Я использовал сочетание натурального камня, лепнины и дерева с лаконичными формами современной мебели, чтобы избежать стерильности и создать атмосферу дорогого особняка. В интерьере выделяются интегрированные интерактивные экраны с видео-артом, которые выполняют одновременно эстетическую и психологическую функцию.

---

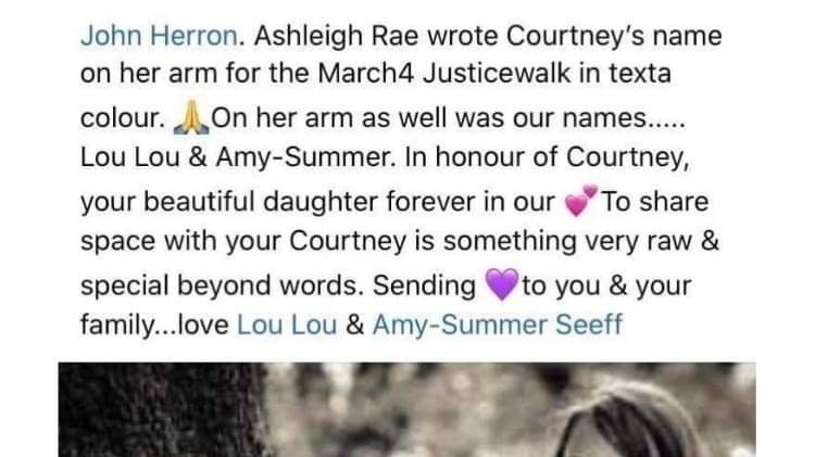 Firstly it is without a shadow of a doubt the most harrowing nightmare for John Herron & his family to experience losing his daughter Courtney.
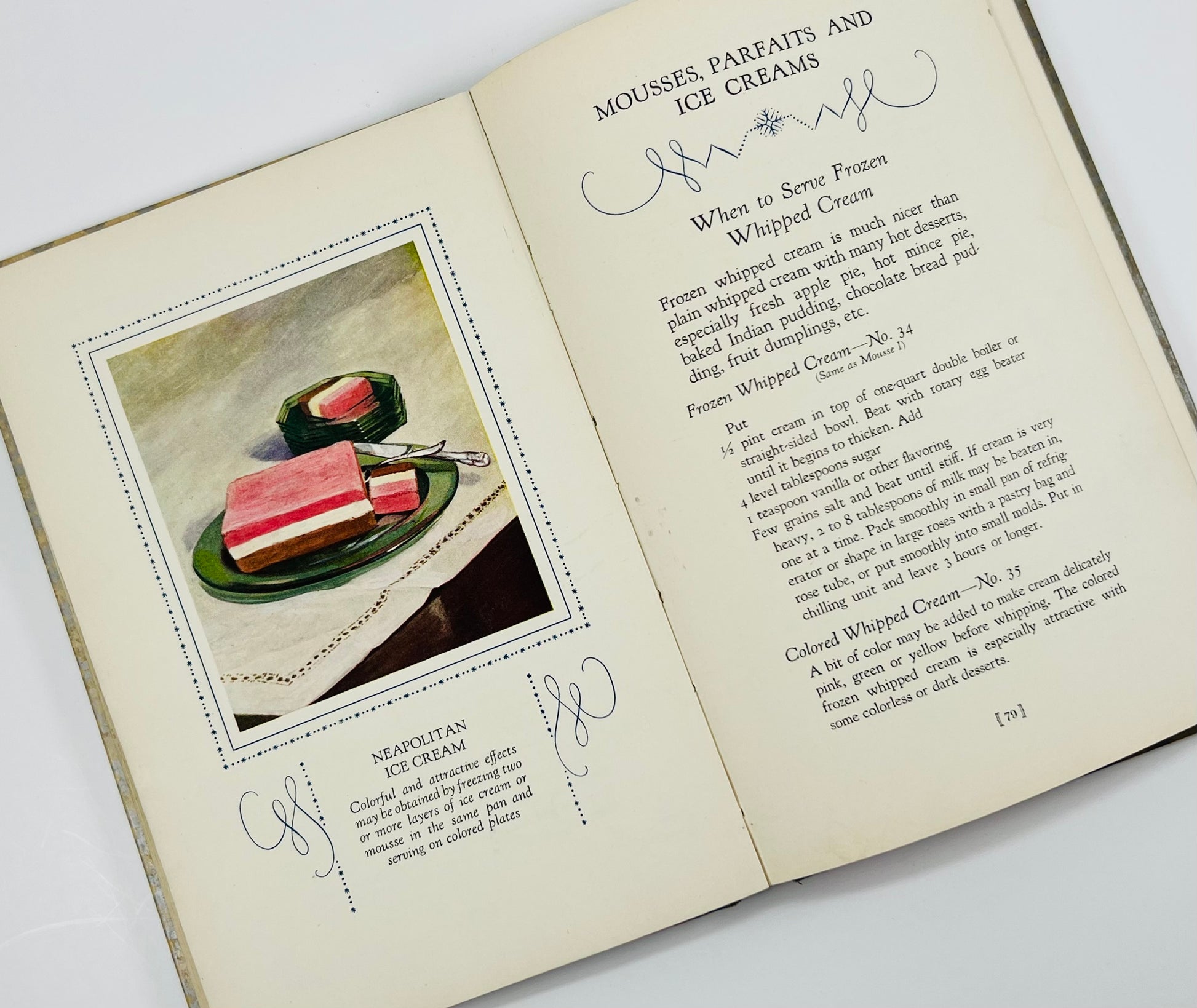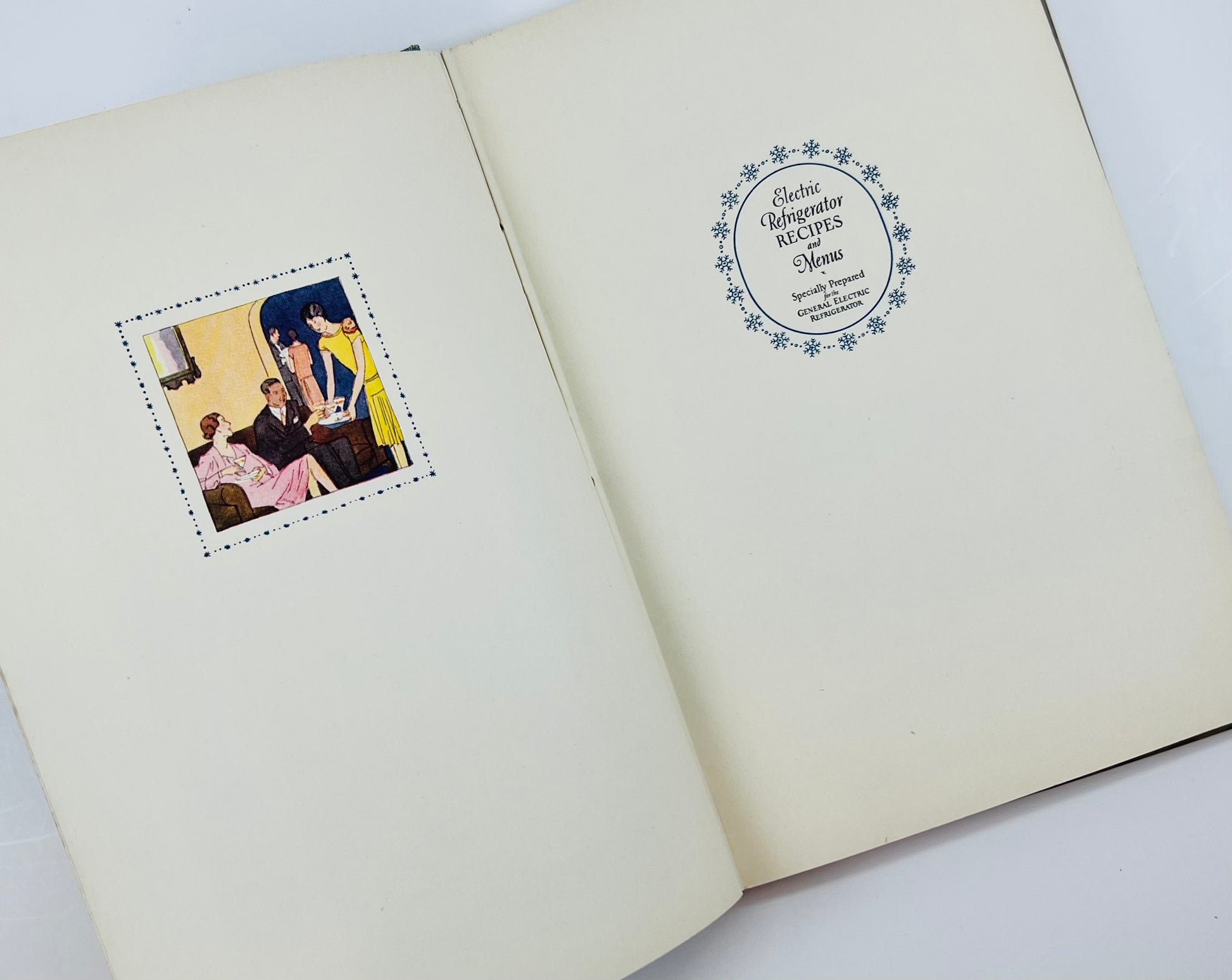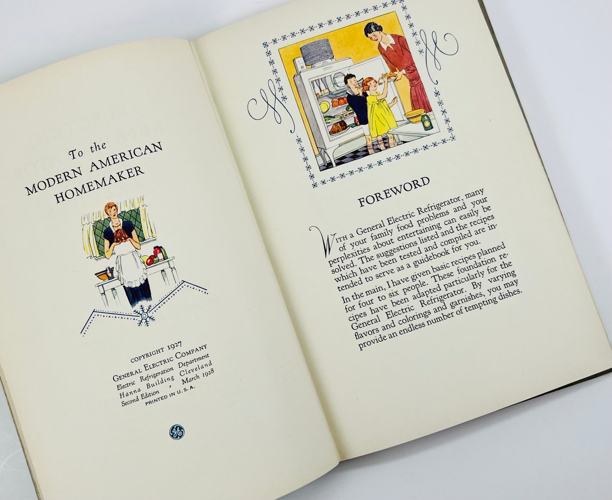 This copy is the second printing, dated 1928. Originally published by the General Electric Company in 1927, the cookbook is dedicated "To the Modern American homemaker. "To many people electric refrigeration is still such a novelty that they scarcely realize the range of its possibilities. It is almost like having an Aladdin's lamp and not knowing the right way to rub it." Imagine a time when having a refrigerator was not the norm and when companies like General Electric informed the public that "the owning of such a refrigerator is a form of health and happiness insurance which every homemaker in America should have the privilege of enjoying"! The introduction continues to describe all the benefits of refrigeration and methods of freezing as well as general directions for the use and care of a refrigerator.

• [Work to complete]
Look above for the line containing "Firstly it is", then copy exactly from it through the line containing "This copy is", keeping both and leaving out pictures. Add nothing else.

• [Expected answer]
 Firstly it is without a shadow of a doubt the most harrowing nightmare for John Herron & his family to experience losing his daughter Courtney.
 This copy is the second printing, dated 1928. Originally published by the General Electric Company in 1927, the cookbook is dedicated "To the Modern American homemaker. "To many people electric refrigeration is still such a novelty that they scarcely realize the range of its possibilities. It is almost like having an Aladdin's lamp and not knowing the right way to rub it." Imagine a time when having a refrigerator was not the norm and when companies like General Electric informed the public that "the owning of such a refrigerator is a form of health and happiness insurance which every homemaker in America should have the privilege of enjoying"! The introduction continues to describe all the benefits of refrigeration and methods of freezing as well as general directions for the use and care of a refrigerator.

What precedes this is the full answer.